# question on the 8 26 Toro



## cranman (Jan 23, 2016)

Greeting friends.....I just finished refurbishing a 1980 8 26 with a Briggs motor that had no compression.....a valve job and some carb work ( and a paint job) and shes sitting pretty. A question......I have no experience with the drive disconnects that I assume is to power around corners......what are the forums thoughts on this model? Like all the older Toros I've been working on.......a BEAST....I'm starting to get really savvy about the electronic safetys. This one looks simpler then the 7 24 and 8 24 I just finished up. I'll have a better idea tomorrow when I tackle that part of the project!


----------



## Grunt (Nov 11, 2013)

I fixed up a 1973 model 7/26 for my son-in-law a few years ago. When turning, you can power through the turn by un-locking the wheel on the side you want the machine to turn, OR, you can shift to neutral, un-lock the wheel and just push it through the turn and then re-engage the wheel lock and shift into gear. The system works well if all the wheel lock parts are free and adjusted properly.


----------



## UNDERTAKER (Dec 30, 2013)

Grunt said:


> I fixed up a 1973 model 7/26 for my son-in-law a few years ago. When turning, you can power through the turn by un-locking the wheel on the side you want the machine to turn, OR, you can shift to neutral, un-lock the wheel and just push it through the turn and then re-engage the wheel lock and shift into gear. The system works well if all the wheel lock parts are free and adjusted properly.

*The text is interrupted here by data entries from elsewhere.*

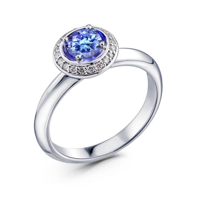 Кольцо из белого золота с бриллиантами и танзанитом (050026)
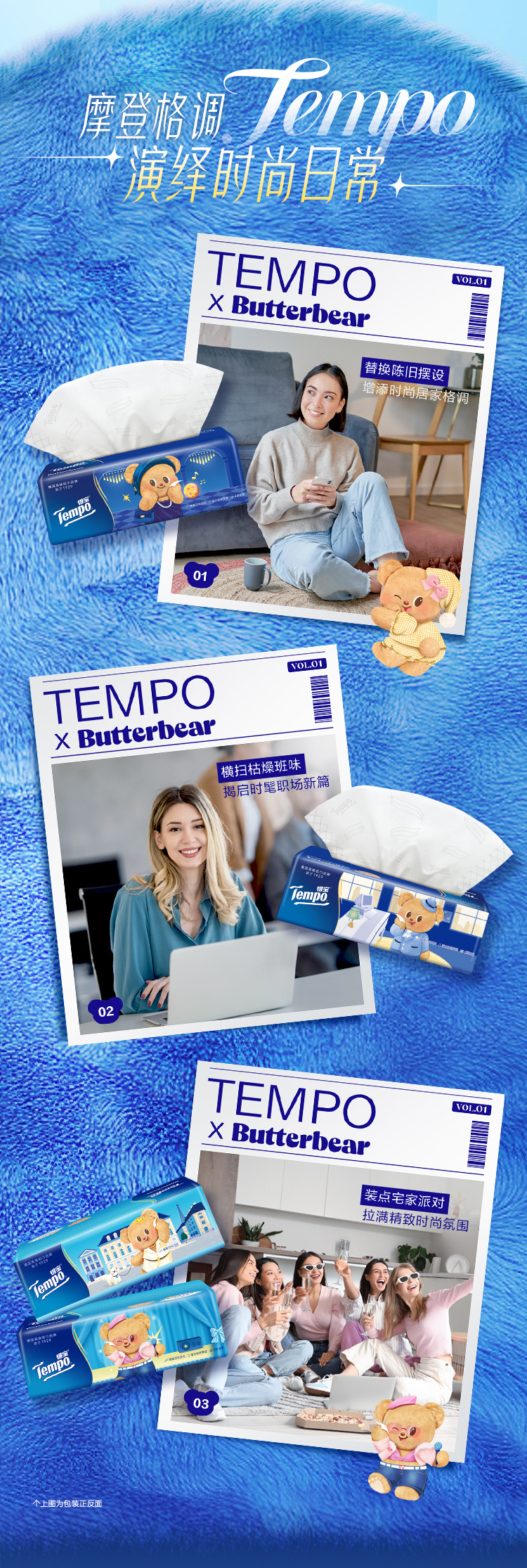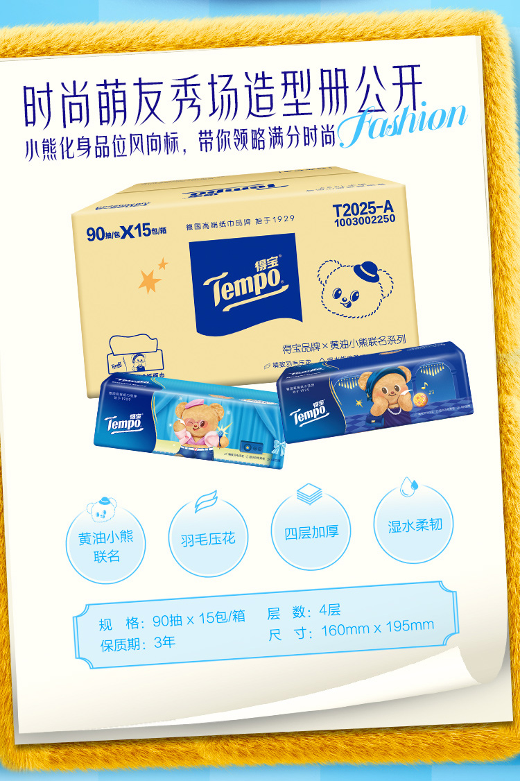 【第二件半价】『Tempo得宝』得宝黄油小熊联名 时髦面纸 解锁四套小熊ootd 四层加厚90抽到手15包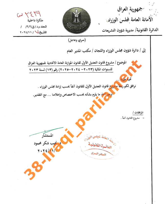 ئەنجومەنی نوێنەرانی عێراق ئەمڕۆ خوێندنەوەی یەكەمی كرد بۆ هەمواری یەكەمی یاسای بودجەی سێ ساڵە (2023-2024-2025). هەموارەكە لەلایەن ئەنجومەنی وەزیرانی عێراقەوە رەوانە كراوە بۆ پەرلەمان، تێیدا تەنیا یەك بڕگە هەموار كراوە كە پەیوەندی بە نەوتی هەرێمی كوردستانەوە هەیە. ئەنجومەنی نوێنەران دەقی پرۆژەی هەموارەكەی بڵاوكردەوە، كە تەنیا بۆ (بڕگەی ج/ دووەم)ی ماددەی 12ی یاسای بودجەیە.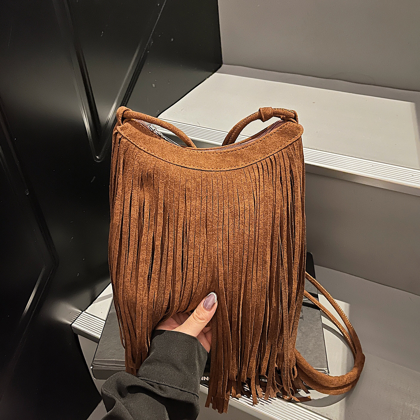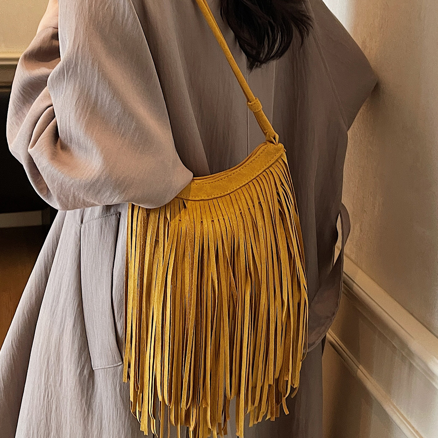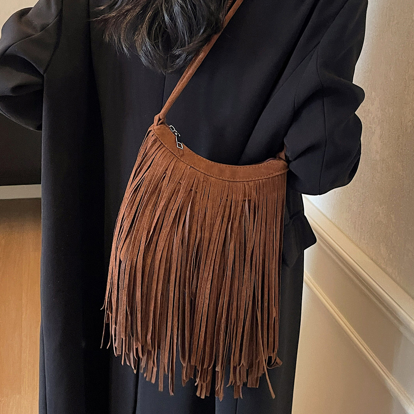 📚 复古流苏小包包女2025新款时尚麂皮绒小方包夏季高级感磨砂斜挎包

 Yeah I am still waiting on those pics from you there. BROTHER GRUNT..


----------



## UNDERTAKER (Dec 30, 2013)

cranman said:


> Greeting friends.....I just finished refurbishing a 1980 8 26 with a Briggs motor that had no compression.....a valve job and some carb work ( and a paint job) and shes sitting pretty. A question......I have no experience with the drive disconnects that I assume is to power around corners......what are the forums thoughts on this model? Like all the older Toros I've been working on.......a BEAST....I'm starting to get really savvy about the electronic safetys. This one looks simpler then the 7 24 and 8 24 I just finished up. I'll have a better idea tomorrow when I tackle that part of the project!


Make sure all the parts are still in them.


----------



## cranman (Jan 23, 2016)

Thanks all...I just hitched up the safetys today and everything is working like a charm! I'm just waiting on an air intake tube that I sourced on E-bay, then I can bolt on the carb shroud and this girl is done. Powershift....what is your opinion on this model? Too many parts to screw up in my opinion....is the individual drives on each wheel worth the effort? This is my last snowblower project for this season....I rebuilt 12 in Jan and Feb, and have to store 5 till next year's snowfall. I'm getting into Troy-bilt mode for the next month. I tore down a Horse model to repower with a Preditor this afternoon and I found two more on Craigslist with engine issues I hope to pick up.


----------



## UNDERTAKER (Dec 30, 2013)

OH YEAHHHHHHHHHHHHHHHHH They are worth it. you can not screw them up. they will dig you out, and dig you out fast. just make sure all those parts are in the clutch's. let me know if you need anything else.k:k:k:k:k:


----------



## UNDERTAKER (Dec 30, 2013)

*Post some pics of it. so I can have a looksee.k:k:k:k:k:*


----------



## cranman (Jan 23, 2016)

You talked me into it Powershift! My 8 26 and my 8 24. All done with both except the carb cover and the air horn on the 8 26


----------



## UNDERTAKER (Dec 30, 2013)

cranman said:


> You talked me into it Powershift! My 8 26 and my 8 24. All done with both except the carb cover and the air horn on the 8 26


 Those augers could do with a lick of paint.k:k:k:k::emoticon-south-park


----------